Straight Outta College
Part I: The Straight Bio
Kembrew McLeod is an associate professor of communication studies at the University of Iowa and an independent documentary filmmaker. His books and films focus on both popular music and the cultural impact of intellectual property law. McLeod’s Freedom of Expression®: Resistance and Repression in the Age of Intellectual Property received the American Library Association’s Oboler book award for “best scholarship in the area of intellectual freedom” in 2006. He co-authored with Northwestern Law Professor Peter DiCola the book Creative License: The Law and Culture of Digital Sampling, as well as the co-edited the anthology Cutting Across Media: Interventionist Collage, Appropriation Art, and Copyright Law, with Rudolf Kuenzli (both will be published by Duke University Press early-2011). McLeod’s documentary, Money For Nothing: Behind the Business of Pop Music, was programmed at the 2002 South by Southwest Film Festival and the 2002 New England Film and Video Festival, where it received the Rosa Luxemburg Award for Social Consciousness. His second documentary, titled Freedom of Expression®, is a companion to the book of the same name, and was also distributed by the Media Education Foundation. Most recently, he co-produced the documentary Copyright Criminals, which premiered at the Toronto International Film Festival and aired on PBS’s Emmy Award-winning documentary series, Independent Lens. McLeod’s music and cultural criticism have appeared in Rolling Stone, New York Times, Washington Post, Los Angeles Times, Wilson Quarterly, Village Voice, MOJO, SPIN, and the New Rolling Stone Album Guide.
Part II: The Indexical Bio
Kembrew is a cultural critic, teacher, student, record fetishist, sometimes-DJ, vanity publisher, provocateur, child, artist, spazz dancer, zinester, dreamer, misfit, lover (of music) and not a fighter, and much much more.
Part III: The Free(style) Association Bio
Who'da thunk that I would become a university professor after I failed my senior year of high school? Thanks to some inspiring teachers along the way, I decided to give the profession a try because it appeared to allow me the most freedom of any career option.

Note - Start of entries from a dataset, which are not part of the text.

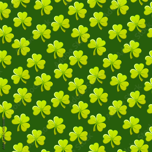 Seamless pattern of shamrock or clover. Seamless green background for St. Patrick day. Lucky background
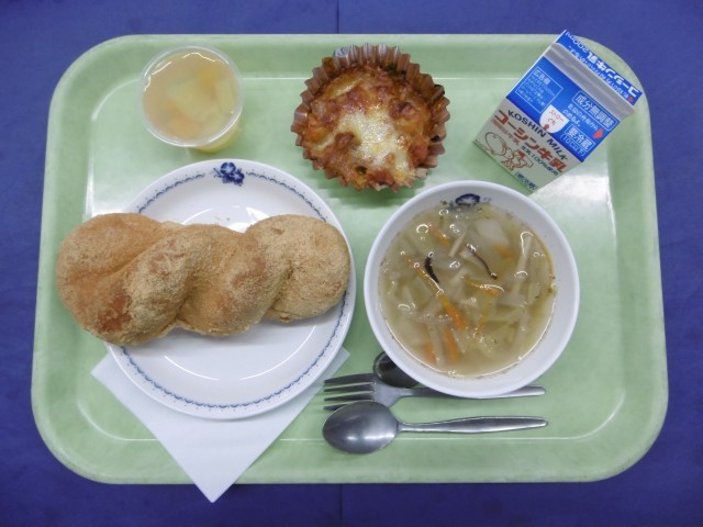 きょうのこんだては、・牛乳・きな粉揚げパン・ピザポテト・白菜スープ・フルーツ入りサイダーゼリーです。
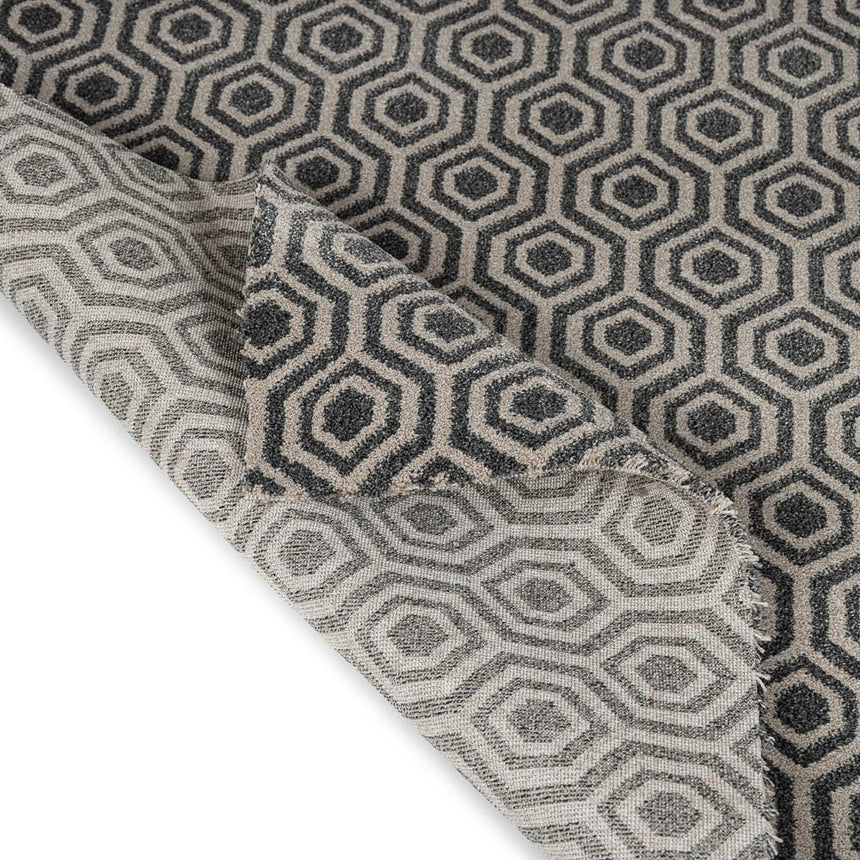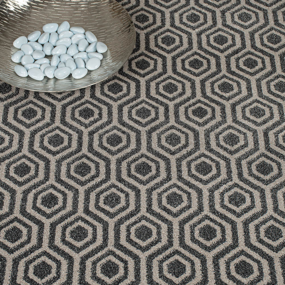 Contrasting warm and dark grey tones, creates a fascinating hexagon design across this Hexagon HEX09 Horizon Wilton Carpet. With its versatile colours, this carpet works with a wide range of room styles and shades.
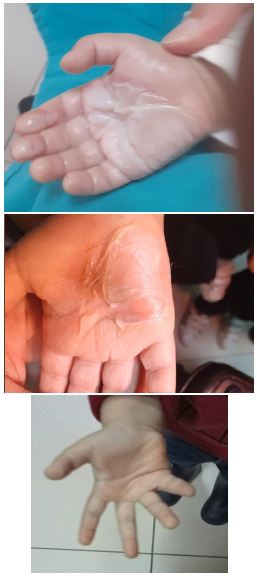 For small- to medium-sized burns, practitioners in our clinic avoid laying the children on a bed. Instead, after a sterile cover is placed on the lap of their parent, the child is placed on the parent’s lap. The agent polyhexamethylene biguanide (PHMB) is applied, sprayed from a distance of 15 cm without touching the wound and without wiping it off, taking care not to burst any blisters. A wireless electrical stimulation is then applied for 10 minutes, and dressing with is completed with gauze pads soaked in PHMB gel, ensuring the process is pain free. Any necrotic tissue left from blisters is removed after epithelialization is complete.

After graduating from, essentially, twenty-second grade and getting my Ph.D in Communication at the University of Massachusetts-Amherst (shout out to Western Mass!), I joined the faculty in the Department of Communication Studies at the University of Iowa.
To use a Grateful Dead-invoking cliche (yecchhh), it's been a long strange trip, one that includes deconstruction, dancing (doing the bunny hop while old school hip-hop legend Afrika Bambaataa spun records for an audience that included only ten people, five of us professors ... that was awesome), and, memorably, a fellow grad student catching on fire (true story).
After seven years in Iowa City chasing the children of the corn through the field of dreams -- and after getting tenure, you punks! -- I still solemnly swear to put the "ass" back in associate professor (just as I put the "ass" in assistant professor for six years).
Lastly, as always, I reserve the right to rock. To poorly paraphrase Alice Cooper, school's in session 4-eva!